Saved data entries
+===+

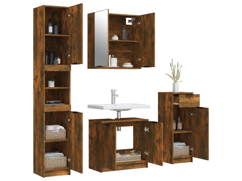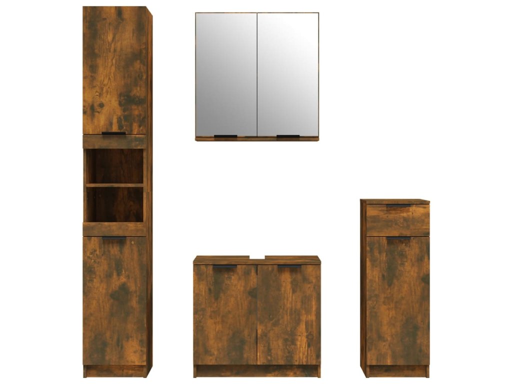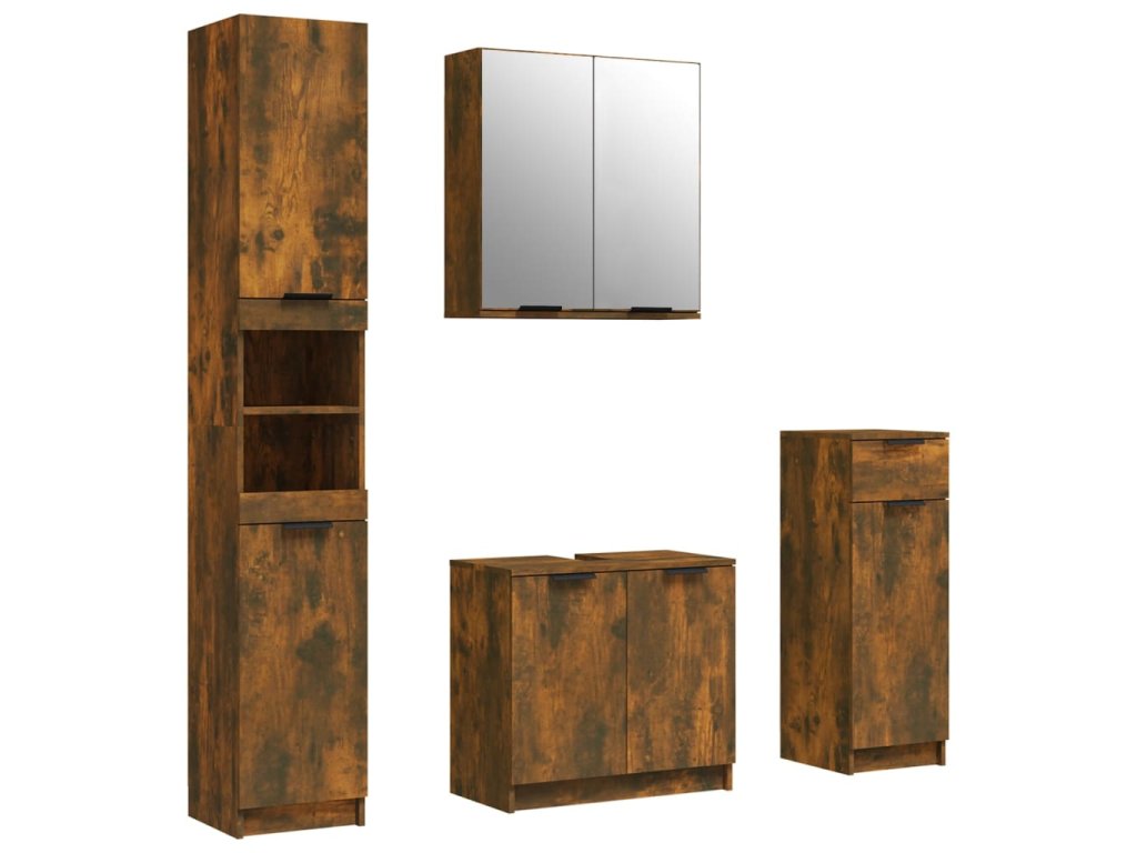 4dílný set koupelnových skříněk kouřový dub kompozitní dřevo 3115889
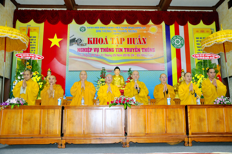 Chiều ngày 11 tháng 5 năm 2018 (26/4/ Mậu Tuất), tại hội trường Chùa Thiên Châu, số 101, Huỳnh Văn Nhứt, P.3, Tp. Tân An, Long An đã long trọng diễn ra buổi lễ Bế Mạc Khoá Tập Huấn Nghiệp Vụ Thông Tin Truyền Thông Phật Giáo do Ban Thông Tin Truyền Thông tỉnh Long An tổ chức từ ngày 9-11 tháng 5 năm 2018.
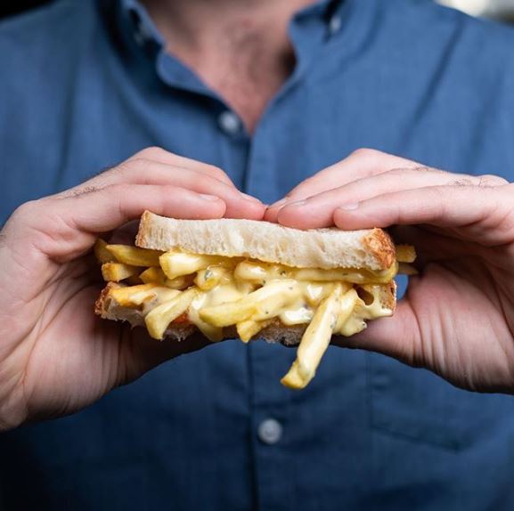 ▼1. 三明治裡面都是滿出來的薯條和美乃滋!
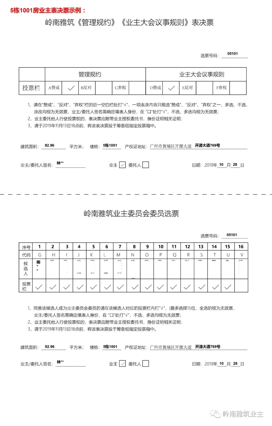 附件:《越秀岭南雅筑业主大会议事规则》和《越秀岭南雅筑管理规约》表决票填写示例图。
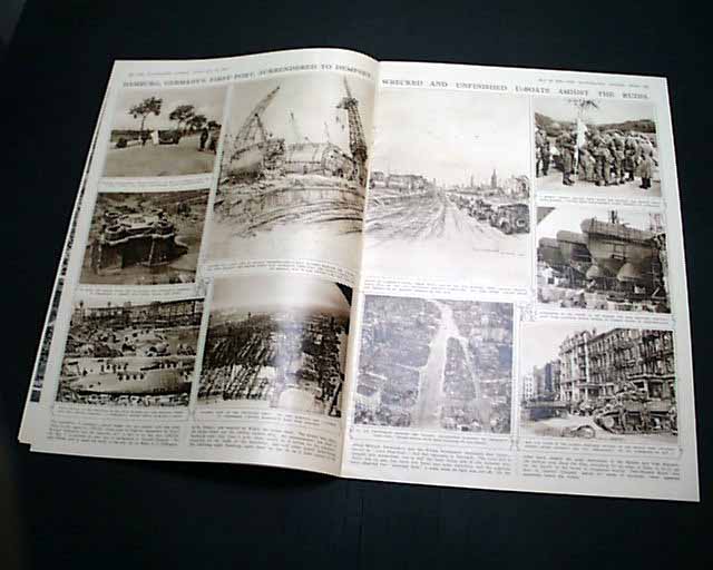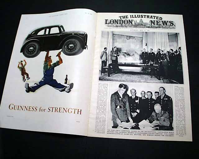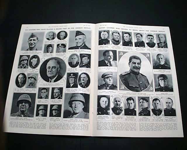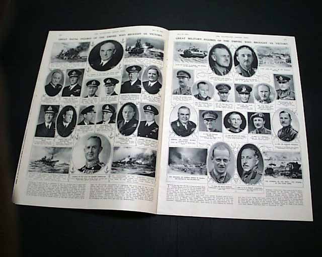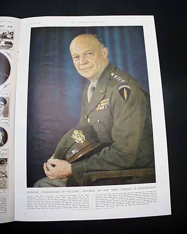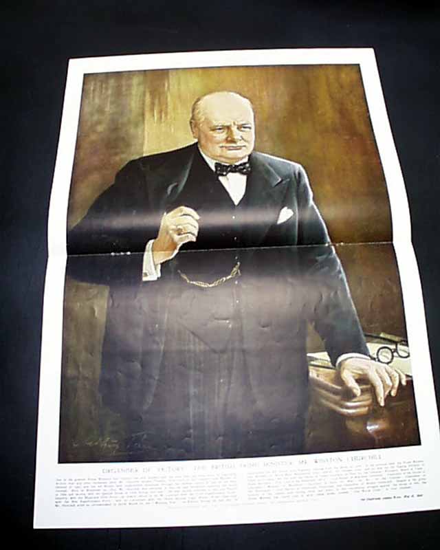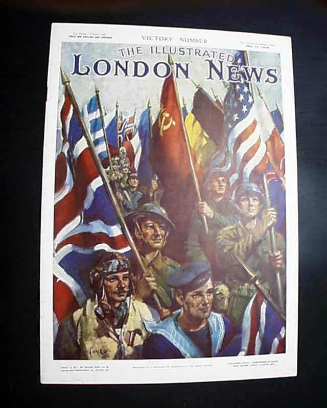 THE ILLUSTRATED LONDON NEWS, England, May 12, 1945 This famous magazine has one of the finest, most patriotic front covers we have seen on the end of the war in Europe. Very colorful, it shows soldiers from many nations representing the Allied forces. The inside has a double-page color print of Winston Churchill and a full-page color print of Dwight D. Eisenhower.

+===+

▶ _Task brief_
From the line holding "附件:《越秀岭南雅筑业主大会" to the final line of the data above, give each line again exactly, both ends included, and drop the pictures.

▶ _Result of this exercise_
 附件:《越秀岭南雅筑业主大会议事规则》和《越秀岭南雅筑管理规约》表决票填写示例图。
 THE ILLUSTRATED LONDON NEWS, England, May 12, 1945 This famous magazine has one of the finest, most patriotic front covers we have seen on the end of the war in Europe. Very colorful, it shows soldiers from many nations representing the Allied forces. The inside has a double-page color print of Winston Churchill and a full-page color print of Dwight D. Eisenhower.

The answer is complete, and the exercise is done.